On March 14, 2025, at Sacrifice, Ash and Heather by Elegance defeated Luna and Threat to become Knockouts World Tag Team Champions. That year, Maggie Lee joined them in The Elegance Brand as M by Elegance. Heather and M by Elegance lost the tag team titles to The IInspiration (Jessie McKay and Cassie Lee) on the October 2 episode of Impact!, but regained the titles after defeating The IInspiration on Thursday Night Impact!s AMC debut on January 15, 2026.

==Personal life==
Her favorite wrestlers growing up were Triple H and Jeff Hardy.
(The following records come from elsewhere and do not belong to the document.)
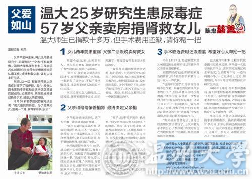 李萍是温大化学与材料工程学院2013级研究生,一切顺利的话,几个月后她将要回温参加研究生毕业论文答辩。李萍说,毕业参加工作的第一件事情,就是赚钱给父母买房。为给她治病,父亲把老家的房子都卖了。
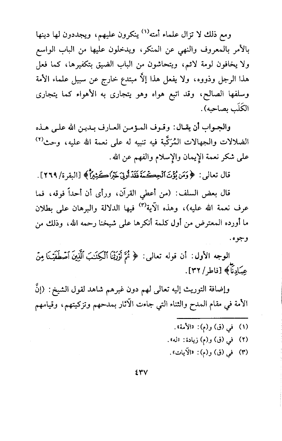 الوجه الأول: أن قوله تعالى: {ثُمَّ أَوْرَثْنَا الْكِتَابَ الَّذِينَ اصْطَفَيْنَا مِنْ عِبَادِنَا} [فاطر: 32] [فاطر / 32] . وإضافة التوريث إليه تعالى لهم دون غيرهم شاهد لقول الشيخ: (إنَّ الأمة في مقام المدح والثناء التي جاءت الآثار بمدحهم وتزكيتهم، وقيامهم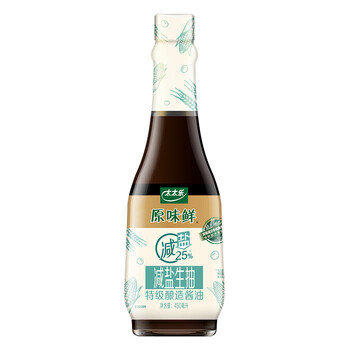 太太乐减盐生抽酱油 原味鲜系列 减盐生抽酱油450ml【特级酱油】0添加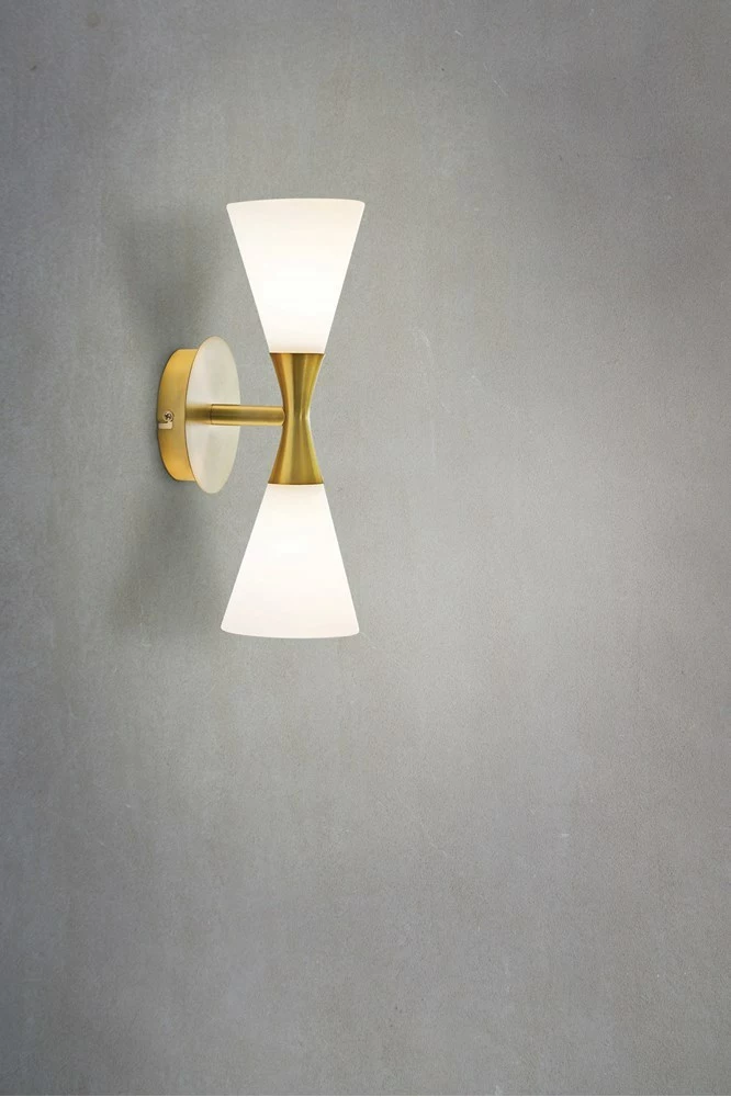 Harlekin Duo vägglampa mässing/hvid E14 från Herstal.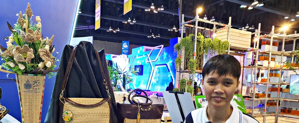 เมื่อพูดถึง “กล้วย” หลายๆ คนคงจะรู้กันดีว่า เป็นพืชที่สามารถนำมาใช้ประโยชน์ได้เกือบทั้งต้น เช่น “ผลกล้วย” ทั้งดิบหรือสุกมีประโยชน์ทางโภชนาการ “ใบตอง” นำมาใช้เป็นภาชนะใส่อาหารหรือประดับตกแต่ง “ลำต้นกล้วย” นำมาทำเป็นปุ๋ย หรือใช้ทำเป็นกระทงลอยในเทศกาลวันลอยกระทง แต่ในบางครั้ง ก็ไม่ได้มีการนำทุกๆ ส่วนของกล้วยมาใช้ประโยชน์ ทำให้ส่วนที่ไม่ได้นำมาใช้ถูกทิ้งเป็นขยะไร้ประโยชน์ ด้วยเหตุนี้จึงได้เกิดเป็นแรงบันดาลใจให้ อาจารย์โสภิดา วิศาลศักดิ์กุล อาจารย์ประจำสาขาศิลปะประดิษฐ์ในงานคหกรรมศาสตร์ คณะเทคโนโลยีคหกรรมศาสตร์ มหาวิทยาลัยเทคโนโลยีราชมงคลธัญบุรี ได้ทำการวิจัยเพื่อนำส่วนที่ไม่ได้ใช้ของกล้วย มาผลิตเป็น “เส้นใยกล้วย” เพื่อต่อยอดให้กลายเป็นผลิตภัณฑ์ที่มีราคา

She is self-taught in gymnastics. She competed in powerlifting competitions while in high school until she quit and moved across the country at 18 to start training as a wrestler under Seth Rollins and Marek Brave at the Black and Brave Wrestling Academy. She makes her own wrestling gear. She currently resides in Tampa, Florida.

== Championships and accomplishments ==
- AAW: Professional Wrestling Redefined
  - AAW Women's Championship (1 time)
- All Heel Wrestling
  - AHW Change Of Fortune Championship (1 time)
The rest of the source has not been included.